An incidental difference on a minor point affords a clue to the distinct temperaments that created Audience of One and Hate Inc. Taibbi takes the phenomenon of Ross Perot seriously—a point he underlined in a recent column—whereas Poniewozik laughs him off (“more Timex than Rolex”). In 1992 Perot got 19 percent of the vote in a presidential election, and Taibbi believes, with considerable justification, that his wealth and simple solutions foreshadowed the rise of Trump. Sentence for sentence, Poniewozik is the more politic of these journalist-historians, and if one has in mind the academic virtues of scope and proportion, his is the more coherent book. It is weakened by a certain complacency—a refusal to see that the strange and new is actually strange and new—which can muffle perception. By contrast, one comes to rely on Taibbi to point out the way, for example, the studio sets of TV news programs like Meet the Press now resemble the pre-game shows for NFL football.

He might have added the CNN countdown that precedes, by as much as forty-eight hours, a speech by a political celebrity. Or the officious request for a show of hands on this or that major issue by a slew of docile presidential hopefuls.

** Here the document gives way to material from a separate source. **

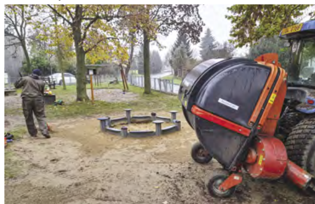
Listí se odklízí i z dětských hřišť

The media today occupy the same world as politicians, and that is a problem. At any given moment, it may be a puzzle to decide who is calling the tune. In the hour-and-a-half speech in defiance of impeachment and Congress that Trump delivered on October 10 at the Minneapolis Target Center, he asked the cheering thousands on the scene to join him in a memory of Election Day 2016. It was, he said, “one of the greatest evenings in the history of this country,” but a few sentences earlier he had paid it a higher compliment: “One of the greatest nights in the history of television.”